▶ EXERCISE DATA:
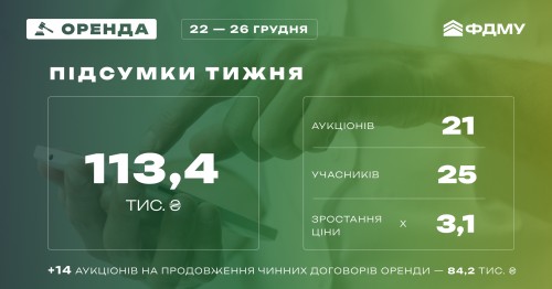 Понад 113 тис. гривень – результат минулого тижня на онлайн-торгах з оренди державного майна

* * *

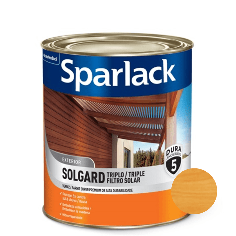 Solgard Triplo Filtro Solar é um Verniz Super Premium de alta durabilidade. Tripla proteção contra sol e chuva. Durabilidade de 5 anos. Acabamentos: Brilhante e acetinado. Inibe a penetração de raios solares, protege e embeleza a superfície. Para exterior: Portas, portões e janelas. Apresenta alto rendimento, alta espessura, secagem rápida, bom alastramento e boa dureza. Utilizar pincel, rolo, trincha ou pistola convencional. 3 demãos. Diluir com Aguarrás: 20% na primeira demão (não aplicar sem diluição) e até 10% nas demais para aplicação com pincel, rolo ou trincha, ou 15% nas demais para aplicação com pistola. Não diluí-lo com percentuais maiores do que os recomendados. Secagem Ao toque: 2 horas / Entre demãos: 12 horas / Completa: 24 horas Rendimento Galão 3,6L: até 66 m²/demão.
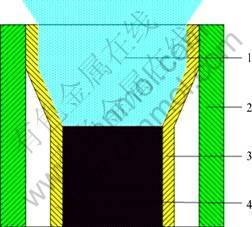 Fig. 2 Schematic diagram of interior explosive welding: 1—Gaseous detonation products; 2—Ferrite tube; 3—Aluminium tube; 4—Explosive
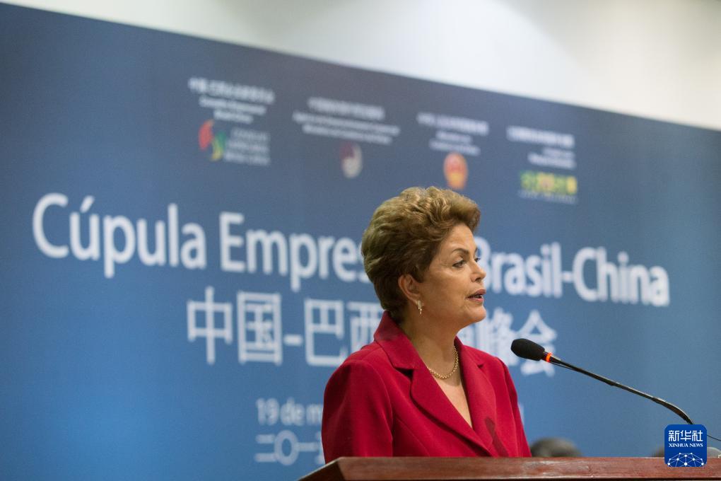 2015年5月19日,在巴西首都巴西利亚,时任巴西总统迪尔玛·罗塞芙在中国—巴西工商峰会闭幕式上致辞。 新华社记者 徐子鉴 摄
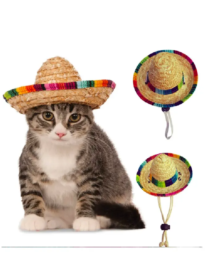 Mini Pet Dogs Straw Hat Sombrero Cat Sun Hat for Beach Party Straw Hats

...

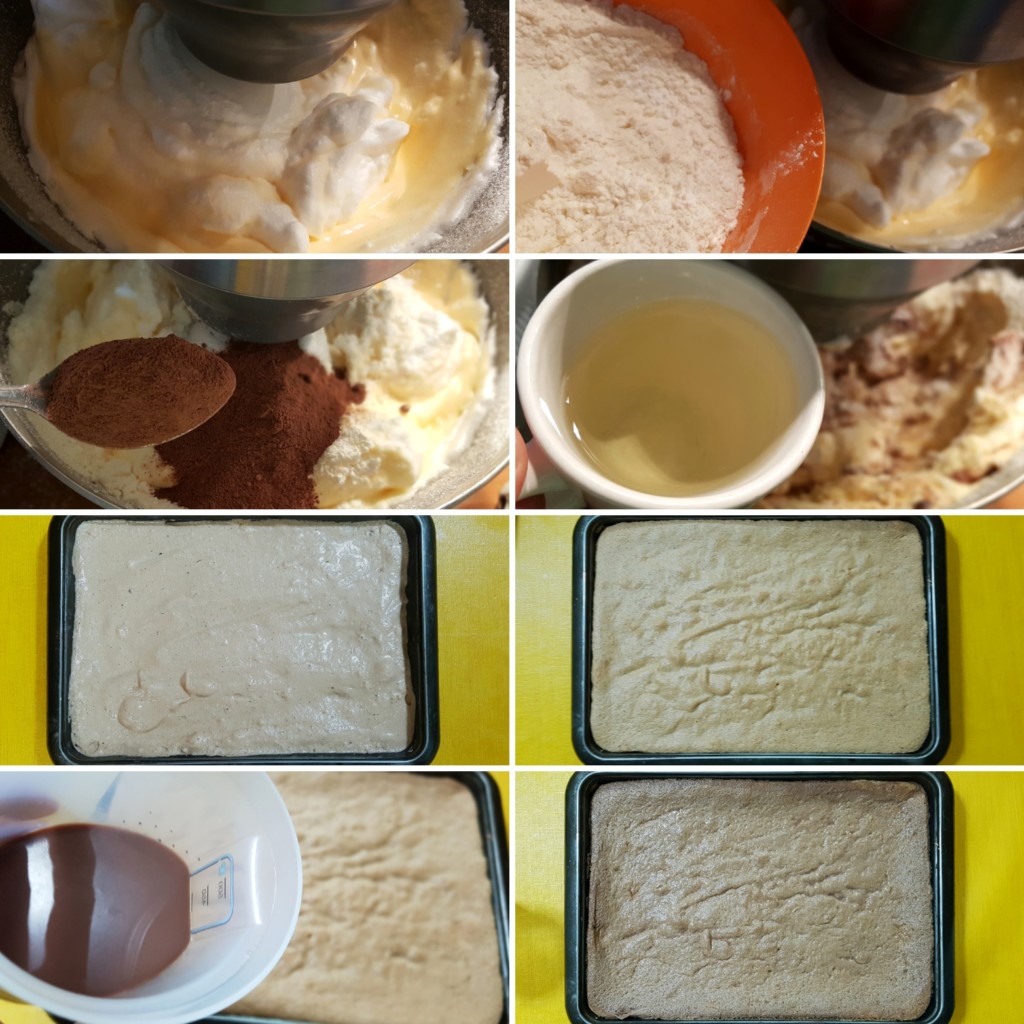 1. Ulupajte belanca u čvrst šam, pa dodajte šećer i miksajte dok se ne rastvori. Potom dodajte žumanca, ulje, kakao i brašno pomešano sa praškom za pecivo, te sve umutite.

▶ BRIEF: Set down word for word the lines above from the one with "2015年5月19日,在巴西首都巴西利亚,时任巴西总统迪尔玛·罗塞芙在中国—巴西工商峰会闭幕式上致辞。 新华社记者 徐子鉴" up to and including the one with "Mini Pet Dogs". Omit every picture.

▶ REPLY:
 2015年5月19日,在巴西首都巴西利亚,时任巴西总统迪尔玛·罗塞芙在中国—巴西工商峰会闭幕式上致辞。 新华社记者 徐子鉴 摄
 Mini Pet Dogs Straw Hat Sombrero Cat Sun Hat for Beach Party Straw Hats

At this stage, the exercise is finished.